Мне безумно нравились эти наши разговоры, и не только из-за моих чувств к Лили. Мне нравилось представлять все то, что она рассказывала. Я будто своими глазами мог увидеть мир за стеной, куда дорога мне была заказана. Она же, в свою очередь, училась ориентироваться в наше мире, где, при кажущемся его спокойствии и размеренности, ты был вынужден ежедневно бороться за пропитание и нормальные условия жизни. Не работать здесь было неприемлемо – от этого зависело все: за крышу над головой, пользование коммунальными ресурсами, горячий ужин и электронные коммуникационные и развлекательные системы нужно было платить. Большая часть общества была вполне довольна сложившейся ситуацией – арийцы обеспечили их возможностью постоянного, хоть и чем-то похожего на рабский, заработка, организовали приемлемые условия жизни и обеспечили необходимым минимумом полезных технологий и какими-никакими развлечениями, заключавшимися в основном в проведении праздничных мероприятий по определенным дням, установленным Канцелярией по Делам Досуга и Отдыха. Тогда я еще не понимал, сколько терпения, граничащего с героическим, требуется для выполнения всех этих будничных, обыденных и каждодневных обязанностей. Просто и весело, скрашивая углы, а иногда и наоборот, подмечая их, рассказывал я обожаемой фройлен Хартманн о том участке мира, где она оказалась благодаря удивительному стечению обстоятельств, неблагоприятному для нее, но, хотелось верить, судьбоносному для меня.
Со временем сложилось так, что отцы наши тоже стали дружны.

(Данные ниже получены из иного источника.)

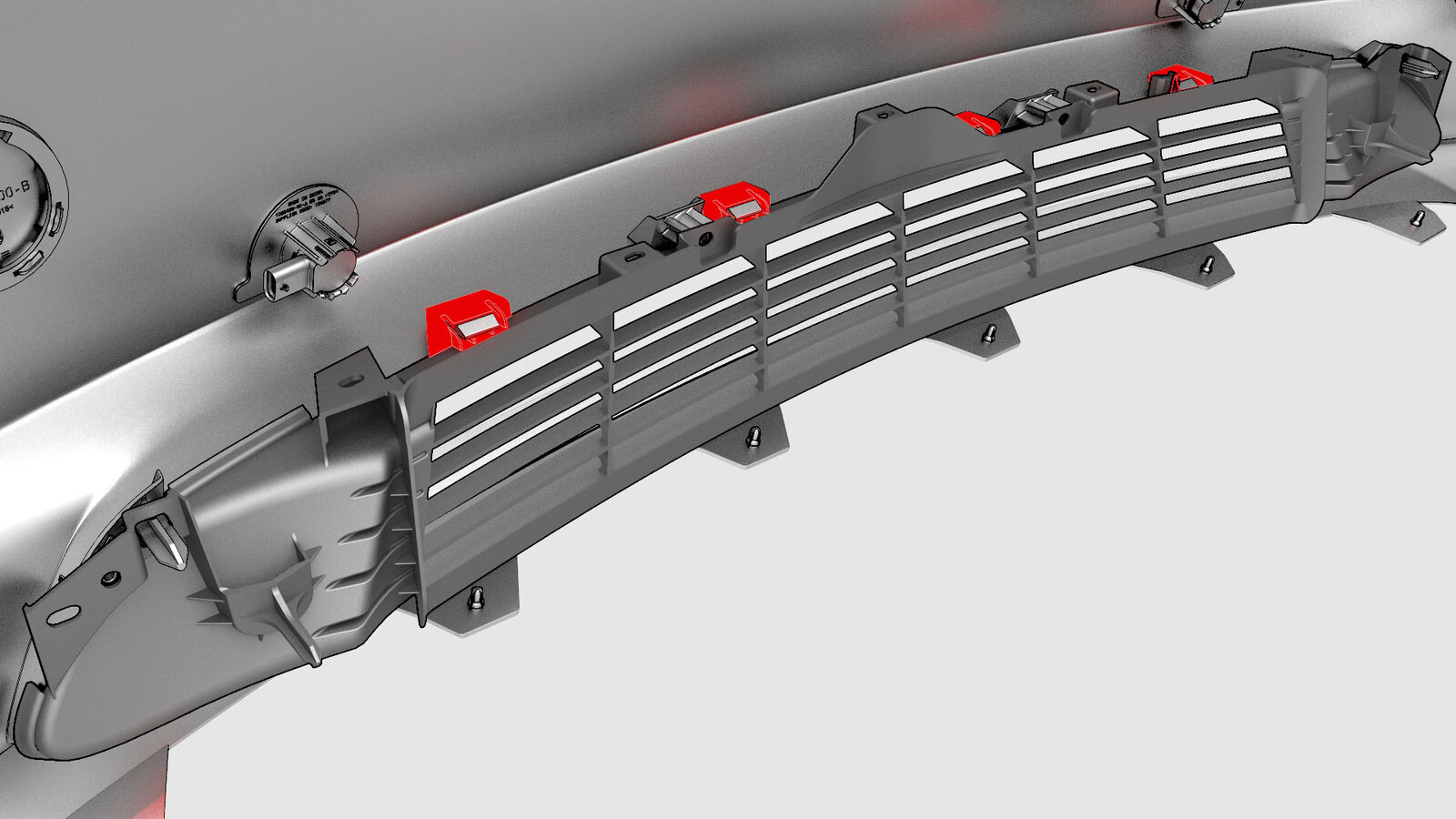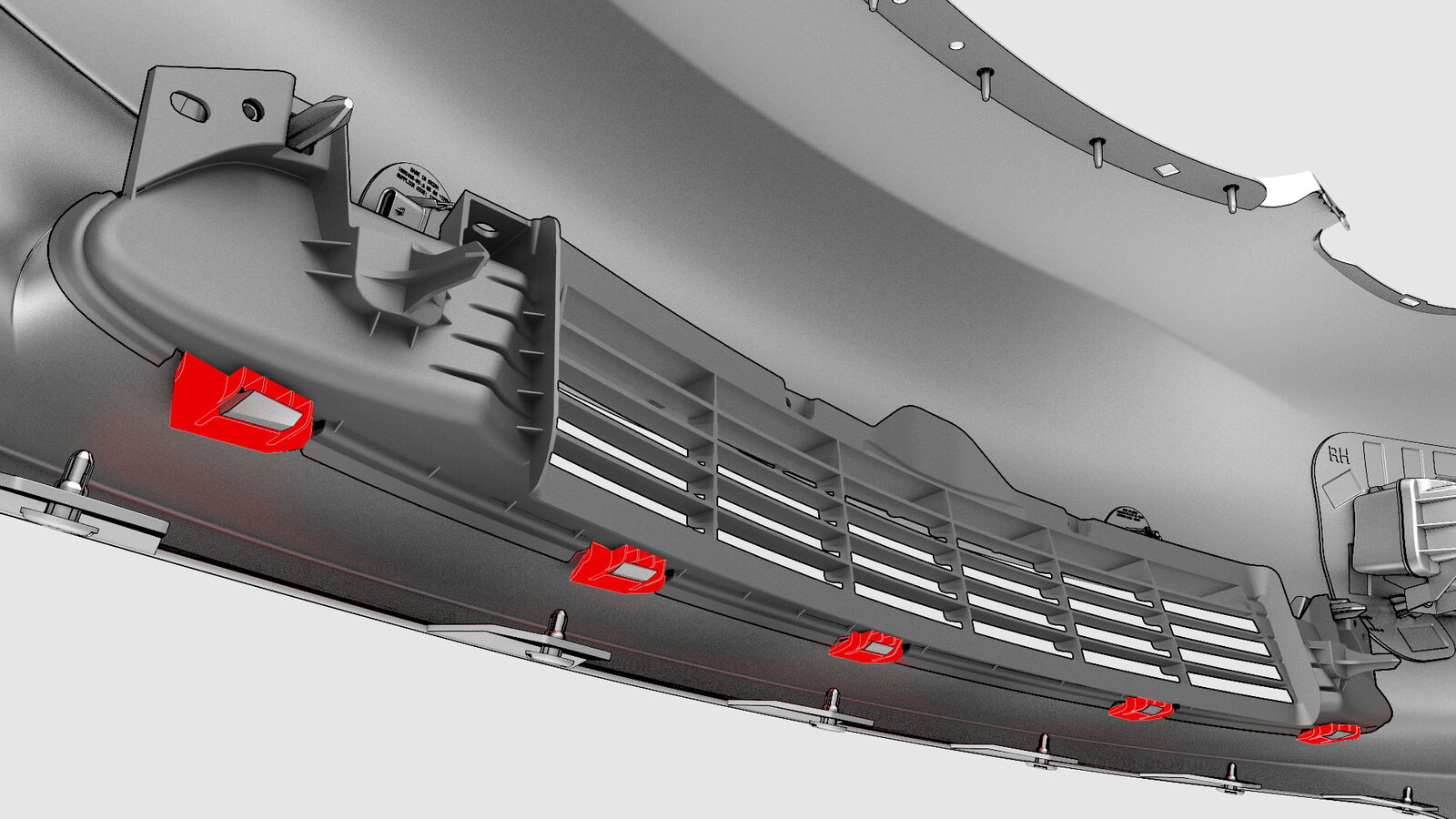 Release the clips that attach the grille to the front fascia, and then remove the grille from the fascia.

Я не понимал, что могло объединить столь далеко отстоящих на социальной лестнице друг от друга людей – хоть отца Лили и ее саму лишили оставшейся части безусловного дохода, тем не менее жили они припеваючи по сравнению с обычными людьми – герр Хартманн, как-никак, был руководителем большого производства, руки сам не марал, но получал годовой доход намного больший, нежели задействованные в грязном труде работники предприятия, и мог позволить себе шикарный, по нашим меркам, двухэтажный коттедж невдалеке от центральной площади нашего городка. Видимо, арийцы не были готовы рискнуть своим авторитетом в лице случайно оказавшегося на чужой территории собрата, обеспечив его такими условиями проживания и таким положением в обществе, чтобы каждый простолюдин мог собственными глазами наблюдать признаки генетического шовинизма, на фундаменте которого было построено наше общество. Тем не менее, отец Лили оказался добродушным, простым дядькой, правда, привыкшим жить по-другому, что иногда проскальзывало в его взгляде налетом грусти. Семейные встречи с этой поры стали регулярными. Иногда я оставался на ночь у Лили, иногда – она у меня. Лежа такими ночами в своих постелях, мы, обсудив события дней, им предшествовавших, увлекались мечтами о будущем, хоть и предписанном для меня, и строили грандиозные планы по возвращению фройлен Хартманн обратно, в привычный для нее ареал обитания, откуда она сможет «выписать» себе меня, ну, по крайней мере, попробует это сделать наверняка. Мы никогда не разговаривали о причинах, помешавших герру Хартманну продолжать безбедное, полное радостей существование на арийской территории – отец запретил мне поднимать эту тему. А Лили ответа не знала. Да и знать это было необязательно: во-первых, мы были детьми и не хотели вдаваться в проблемы взрослых раньше времени, а во-вторых, мы были самодостаточной компанией – у нас и без этого тем для разговоров хватало, мы умели насладиться нашим общением, не примешивая к этому необходимость сплетничать о событиях, происходящих в жизни других людей.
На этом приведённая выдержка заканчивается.